# [WHAT TO PRODUCE]
Repeat the records below exactly as they appear, leaving out any pictures.

# [EXERCISE INPUT]

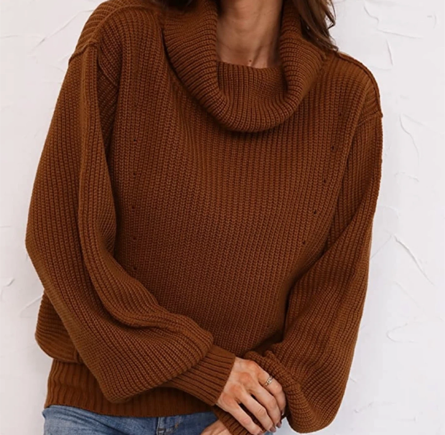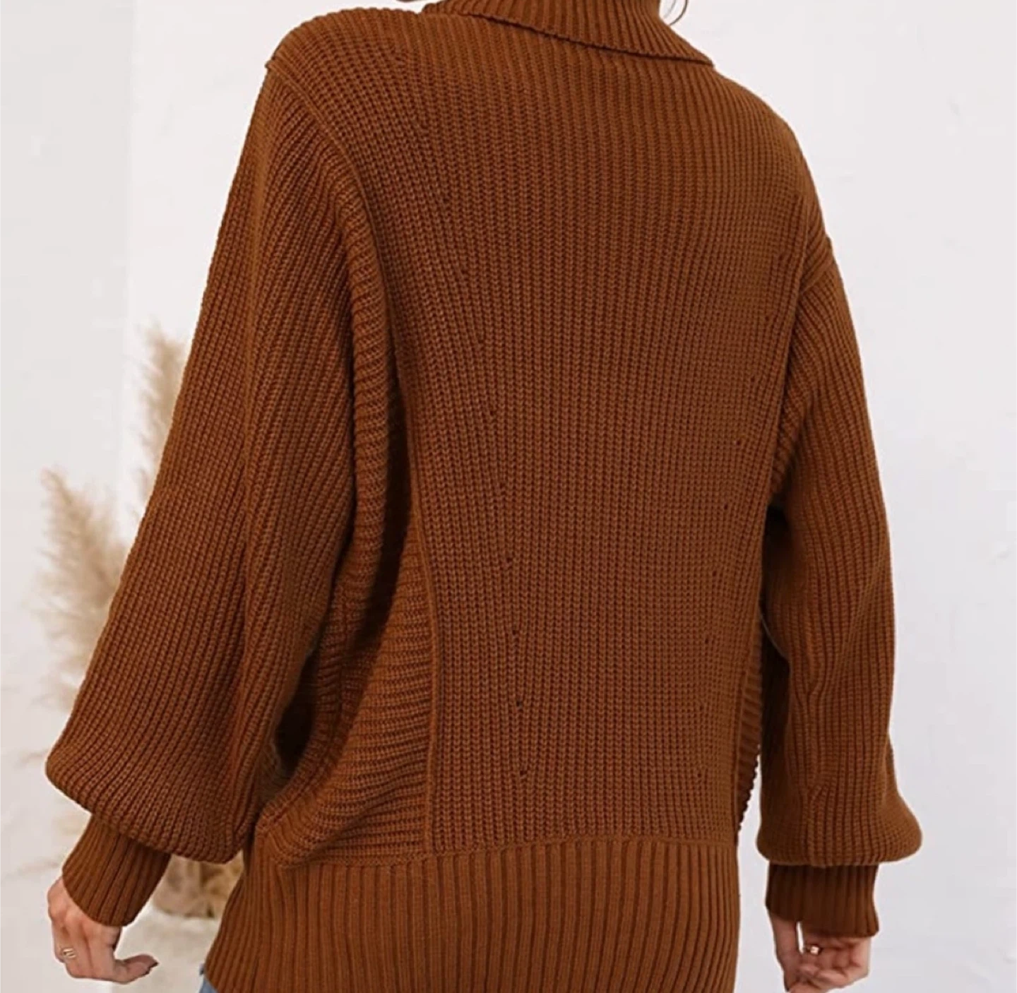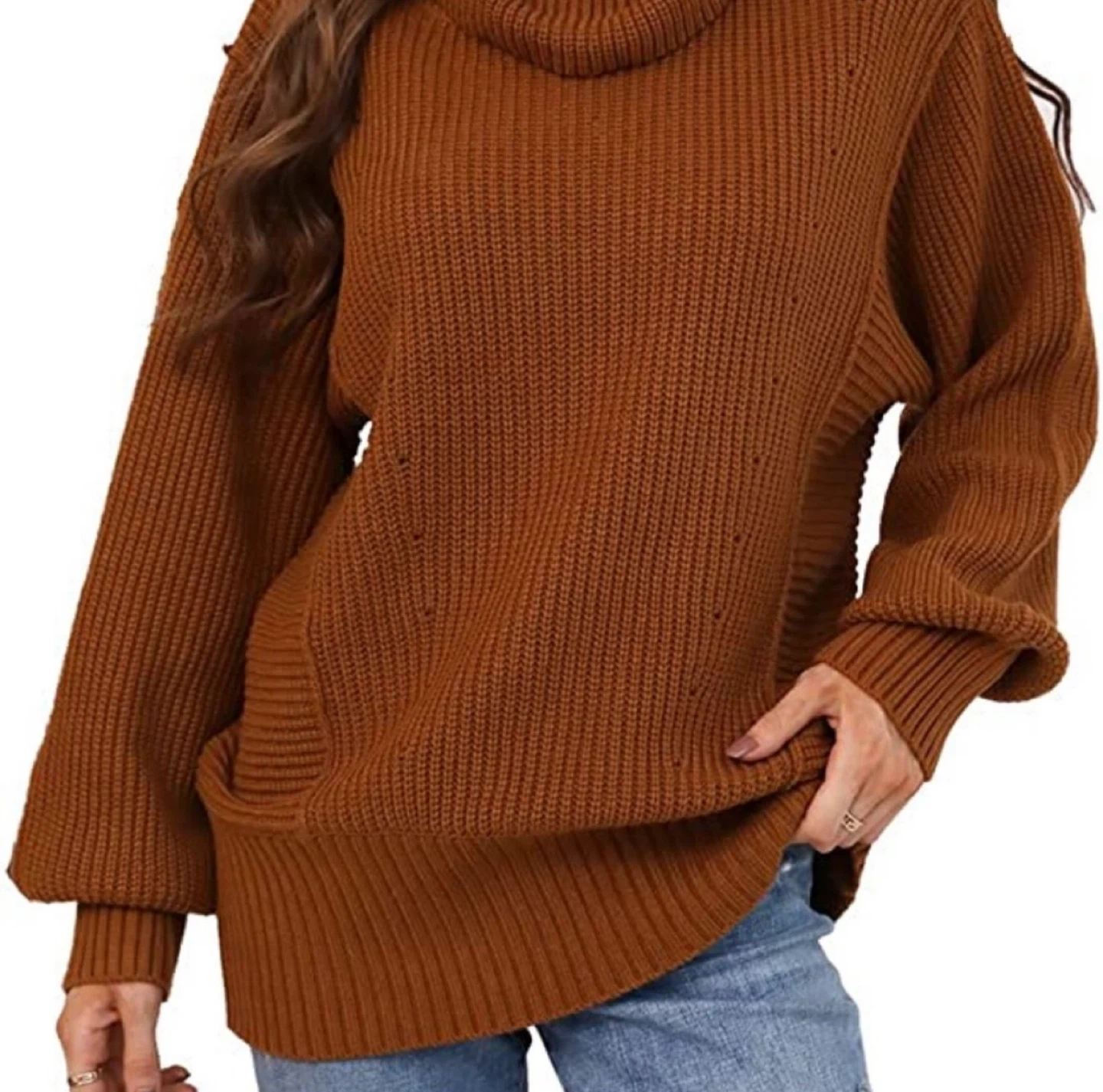 NEW! Oversized Brown Knit Turtleneck Sweater
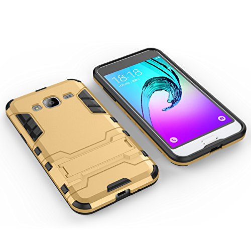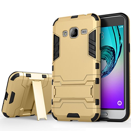 J3 case, Galaxy Express Prime Case, Pasonomi® [Outdoor] [Kickstand Feature] Hybrid Dual Layer Armor Defender Protective Case for Samsung Galaxy J3 / Express Prime / Amp Prime, Golden
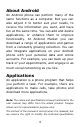 About Android An Android phone can perform many of the same functions as a computer. But you can also adjust it to better suit your needs, to receive the information you want, and have fun at the same time. You can add and delete applications, or enhance them to improve functionality. At Android Market you can download a range of applications and games from a constantly growing collection. You can also integrate applications on your Android phone with your personal data and online accounts.
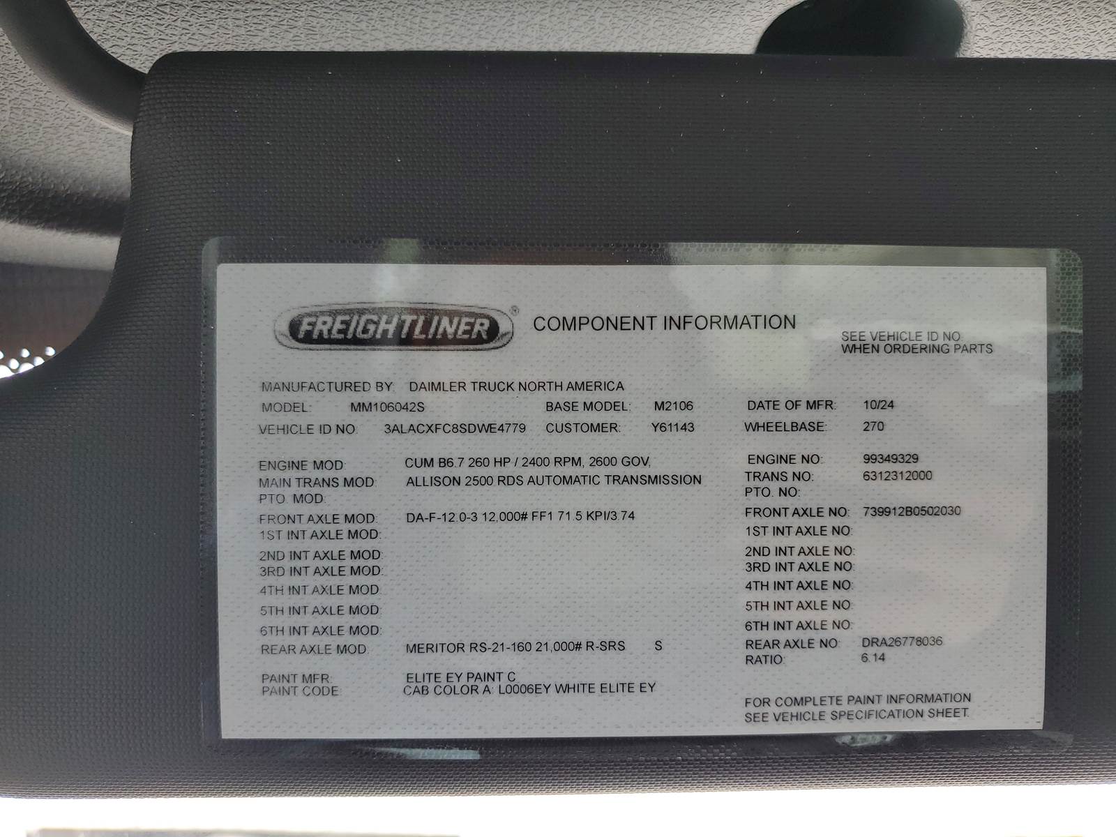 *2025 Freightliner M2 106 Plus (M2106) -- Cummins ISB 6.7 -- Allison 2500 RDS --- 270 WBFreightliner of Miami --- Hialeah Gardens, FL**Powertrain** Cummins ISB 6.7L Diesel --- 260 HP / 660 lb-ft* Allison 2500 RDS Automatic Transmission* Dual 50-gal Fuel Tanks (100 gal total)*Axles / Driveline / Dimensions** Front Suspension: 12,000 lb* Rear Suspension: 21,000 lb --- Single Rear Axle --- 6.14 Ratio* 270 Wheelbase*Cab / Interior** White exterior* Rugged Black Cloth seats* Gray & Carbon Vinyl interior* Seats 3 --- High-Back Air-Suspension Driver Seat* 2-Man Toolbox Passenger Bench* Power windows* Heated power mirrors*Technology & Comfort** Electric/Digital dash * Remote keyless entry* World Tuner AM/FM/WB radio* Bluetooth* USB & AUX inputs* Driver/Passenger speakers* HVAC (A/C, heat, defroster) * 12V outlet* Premium LED cab lighting*Additional Features** WABCO 4S/4M ABS with Traction Control* Neutral at Stop* Air cab mounting* Ignition-controlled electric dump switch for air suspension* Phillips-Temro 1000W / 115V block heater* QuickFit Electrical System
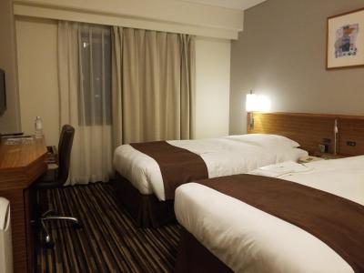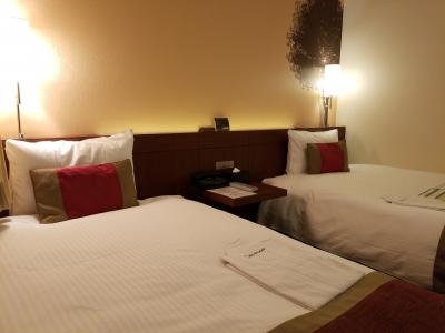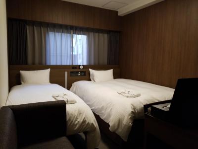 ダブル?の部屋に簡易ベッドを入れて、無理くりツインにした部屋でした。前もってこのことを了解してチェックインしたので、特に驚きはありませんでした。ウエルカムドリンクチケットがあり、1階のレストランでいただけます。持ち帰りもできます。ビールやジュースでした。繁華街の中にあるので、出歩くのにも便利です。桜島行きの船乗り場にも歩いてすぐです。
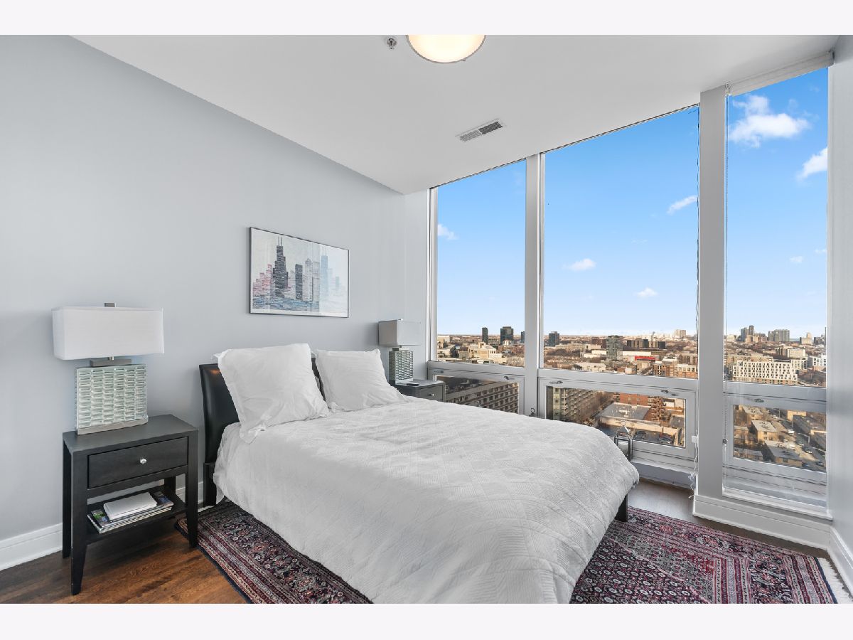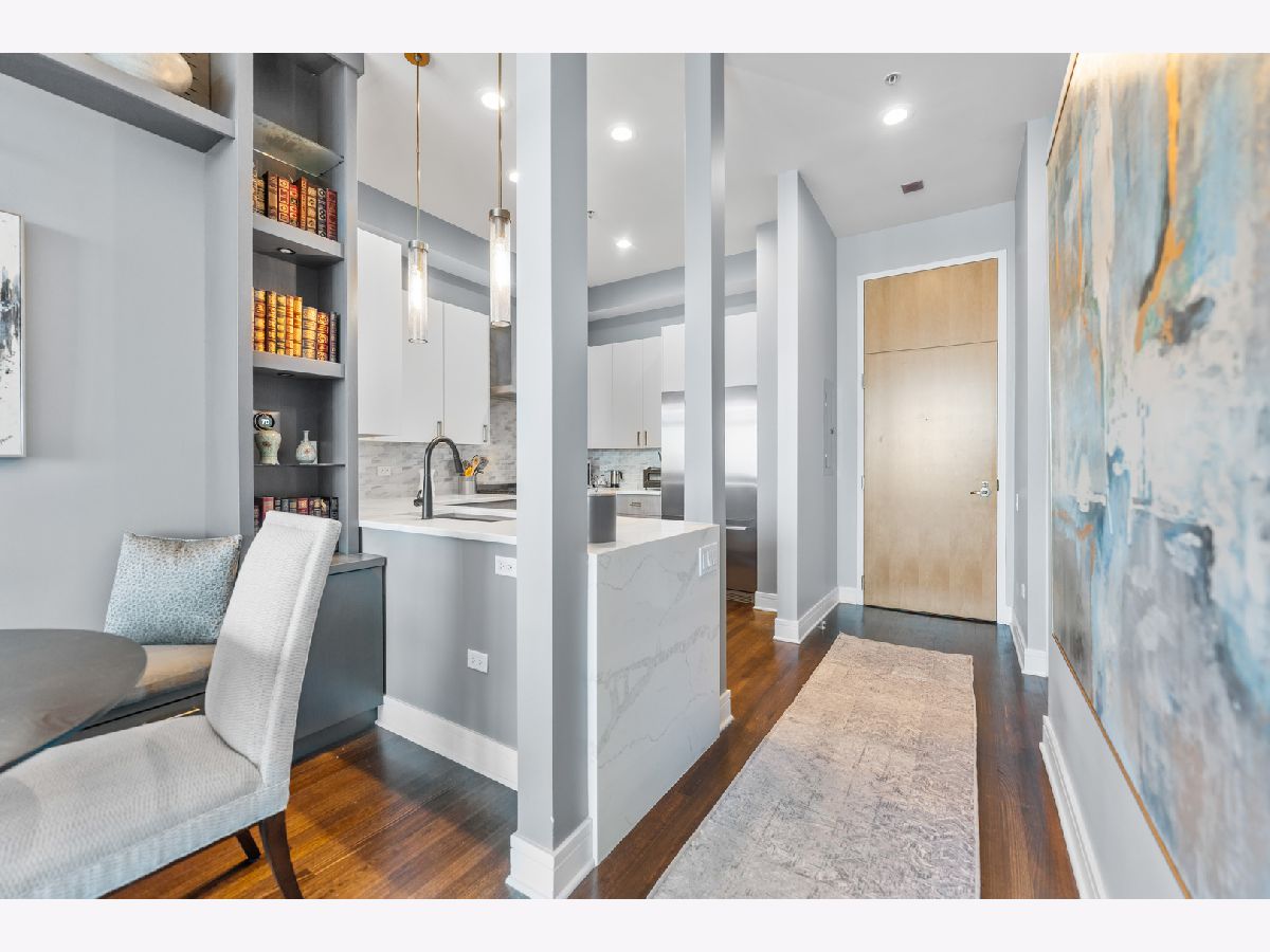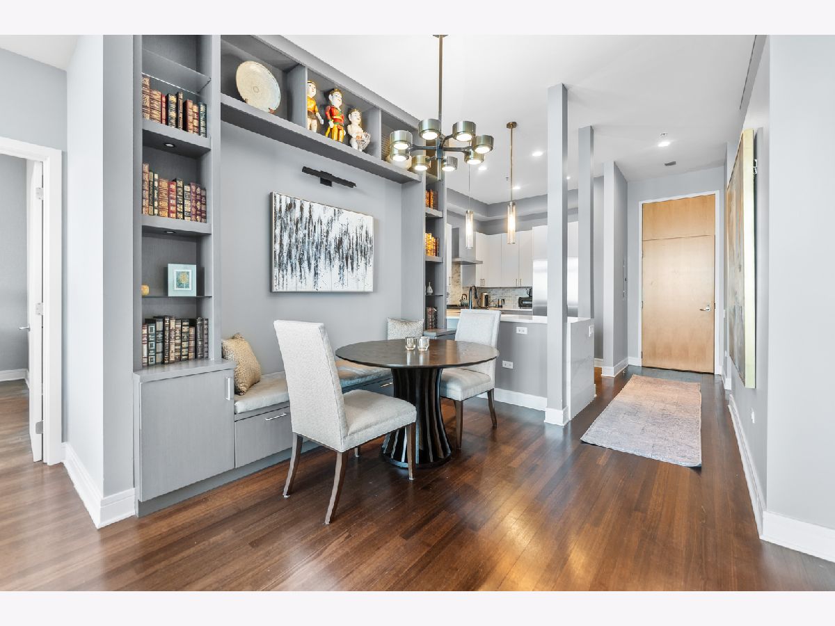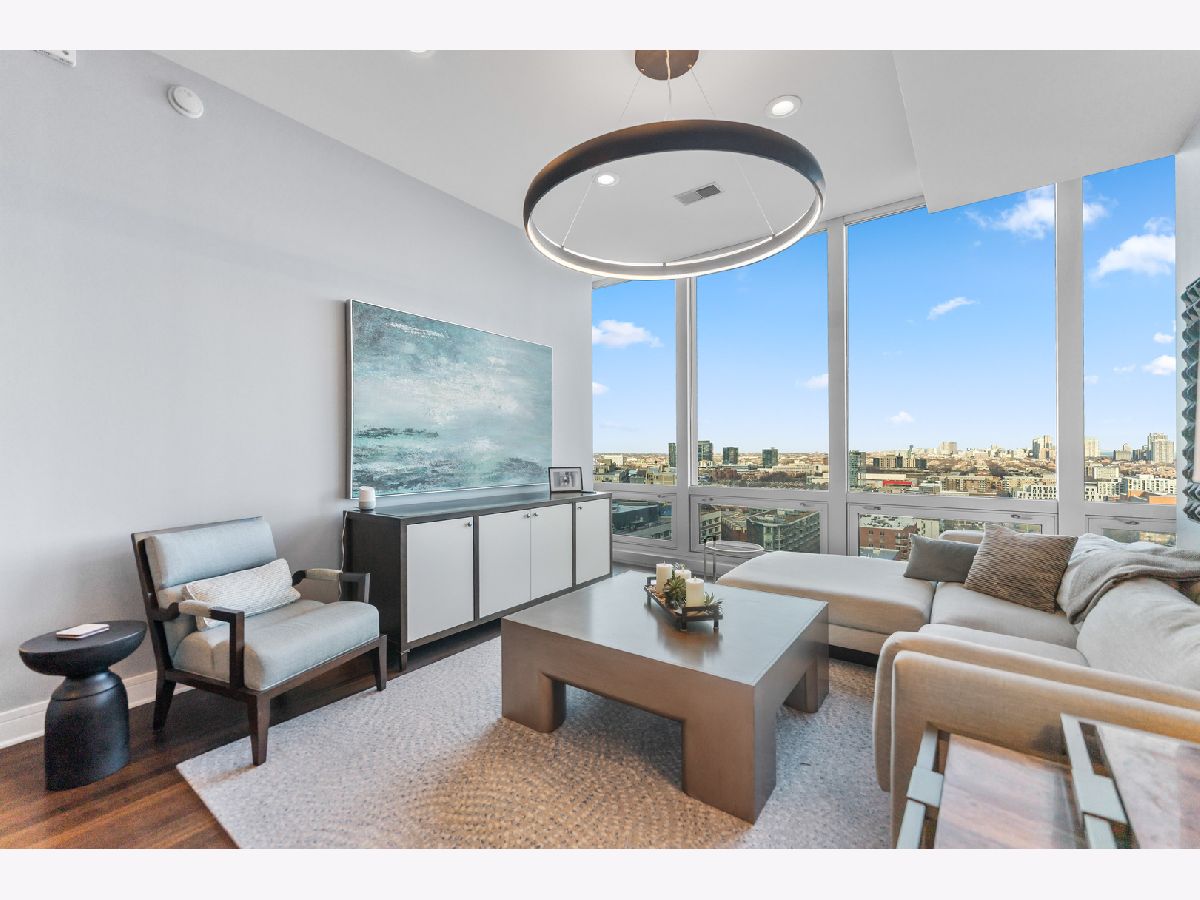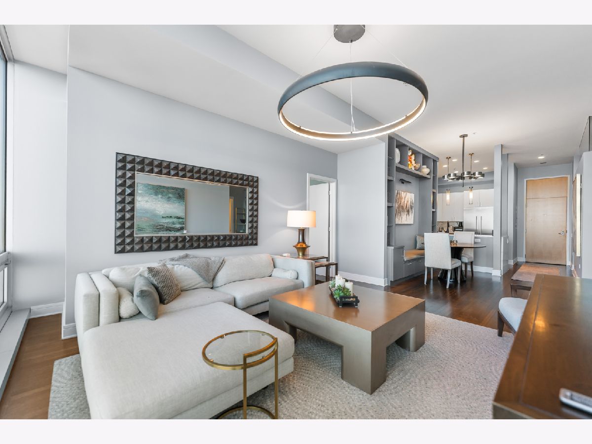This exquisite 3-bedroom, 2.1-bath residence at The Montgomery offers refined modern luxury with expansive north-facing city views and glimpses of Lake Michigan beyond. Exceptionally high ceilings, floor-to-ceiling windows, and solid concrete construction create a remarkably quiet, light-filled living environment. Since 2017, the seller has made significant improvements throughout the home. The fully renovated kitchen features all-new custom cabinetry, appliances, and fixtures, the removal of a hallway wall to enhance flow, and a dramatic waterfall countertop. Built-in dining cabinetry with integrated lighting adds both function and architectural interest. Additional updates include refinished and re-stained hardwood floors, wood flooring added to all three bedrooms, glass transom to 3rd bedroom, new designer lighting throughout and extensive custom storage. The spacious primary suite is a true retreat with amazing North views, offering generous custom closets by Closet Works and a spa-like renovated bath with a fully tiled walk-in shower. The second bedroom, with floor-to-ceiling windows, is well-sized and privately situated. The fully enclosed third bedroom-currently styled as a den- maintains natural light while providing privacy, along with a very large closet and excellent storage. The second full bath has been fully updated including flooring, along with the updated powder room and in-unit laundry to complete the unit. The Montgomery is one of River North's most distinguished full-service luxury buildings, known for its architectural pedigree, high service level, and exceptional management with long-term door and maintenance staff. Amenities include 24-hour door staff, on-site management and maintenance, fitness center, party room, bike room, additional storage, and beautifully maintained common areas, including a landscaped "north lawn" with seating areas, grills, and fire pits. The building is pet-friendly, including large dogs, and features a private, secure dog run-one of the largest in the city. Ideally located to the Loop, Chicago Riverwalk, Michigan Avenue, Montgomery Park, and neighborhood favorites including East Bank Club, BIAN private club, Target, Mariano's, Whole Foods, AMC and premier dining-this is modernist luxury living at its finest. Attached garage parking available for $35,000.

# [RESPONSE]
 NEW! Oversized Brown Knit Turtleneck Sweater
 J3 case, Galaxy Express Prime Case, Pasonomi® [Outdoor] [Kickstand Feature] Hybrid Dual Layer Armor Defender Protective Case for Samsung Galaxy J3 / Express Prime / Amp Prime, Golden
 About Android An Android phone can perform many of the same functions as a computer. But you can also adjust it to better suit your needs, to receive the information you want, and have fun at the same time. You can add and delete applications, or enhance them to improve functionality. At Android Market you can download a range of applications and games from a constantly growing collection. You can also integrate applications on your Android phone with your personal data and online accounts.
 *2025 Freightliner M2 106 Plus (M2106) -- Cummins ISB 6.7 -- Allison 2500 RDS --- 270 WBFreightliner of Miami --- Hialeah Gardens, FL**Powertrain** Cummins ISB 6.7L Diesel --- 260 HP / 660 lb-ft* Allison 2500 RDS Automatic Transmission* Dual 50-gal Fuel Tanks (100 gal total)*Axles / Driveline / Dimensions** Front Suspension: 12,000 lb* Rear Suspension: 21,000 lb --- Single Rear Axle --- 6.14 Ratio* 270 Wheelbase*Cab / Interior** White exterior* Rugged Black Cloth seats* Gray & Carbon Vinyl interior* Seats 3 --- High-Back Air-Suspension Driver Seat* 2-Man Toolbox Passenger Bench* Power windows* Heated power mirrors*Technology & Comfort** Electric/Digital dash * Remote keyless entry* World Tuner AM/FM/WB radio* Bluetooth* USB & AUX inputs* Driver/Passenger speakers* HVAC (A/C, heat, defroster) * 12V outlet* Premium LED cab lighting*Additional Features** WABCO 4S/4M ABS with Traction Control* Neutral at Stop* Air cab mounting* Ignition-controlled electric dump switch for air suspension* Phillips-Temro 1000W / 115V block heater* QuickFit Electrical System
 ダブル?の部屋に簡易ベッドを入れて、無理くりツインにした部屋でした。前もってこのことを了解してチェックインしたので、特に驚きはありませんでした。ウエルカムドリンクチケットがあり、1階のレストランでいただけます。持ち帰りもできます。ビールやジュースでした。繁華街の中にあるので、出歩くのにも便利です。桜島行きの船乗り場にも歩いてすぐです。
This exquisite 3-bedroom, 2.1-bath residence at The Montgomery offers refined modern luxury with expansive north-facing city views and glimpses of Lake Michigan beyond. Exceptionally high ceilings, floor-to-ceiling windows, and solid concrete construction create a remarkably quiet, light-filled living environment. Since 2017, the seller has made significant improvements throughout the home. The fully renovated kitchen features all-new custom cabinetry, appliances, and fixtures, the removal of a hallway wall to enhance flow, and a dramatic waterfall countertop. Built-in dining cabinetry with integrated lighting adds both function and architectural interest. Additional updates include refinished and re-stained hardwood floors, wood flooring added to all three bedrooms, glass transom to 3rd bedroom, new designer lighting throughout and extensive custom storage. The spacious primary suite is a true retreat with amazing North views, offering generous custom closets by Closet Works and a spa-like renovated bath with a fully tiled walk-in shower. The second bedroom, with floor-to-ceiling windows, is well-sized and privately situated. The fully enclosed third bedroom-currently styled as a den- maintains natural light while providing privacy, along with a very large closet and excellent storage. The second full bath has been fully updated including flooring, along with the updated powder room and in-unit laundry to complete the unit. The Montgomery is one of River North's most distinguished full-service luxury buildings, known for its architectural pedigree, high service level, and exceptional management with long-term door and maintenance staff. Amenities include 24-hour door staff, on-site management and maintenance, fitness center, party room, bike room, additional storage, and beautifully maintained common areas, including a landscaped "north lawn" with seating areas, grills, and fire pits. The building is pet-friendly, including large dogs, and features a private, secure dog run-one of the largest in the city. Ideally located to the Loop, Chicago Riverwalk, Michigan Avenue, Montgomery Park, and neighborhood favorites including East Bank Club, BIAN private club, Target, Mariano's, Whole Foods, AMC and premier dining-this is modernist luxury living at its finest. Attached garage parking available for $35,000.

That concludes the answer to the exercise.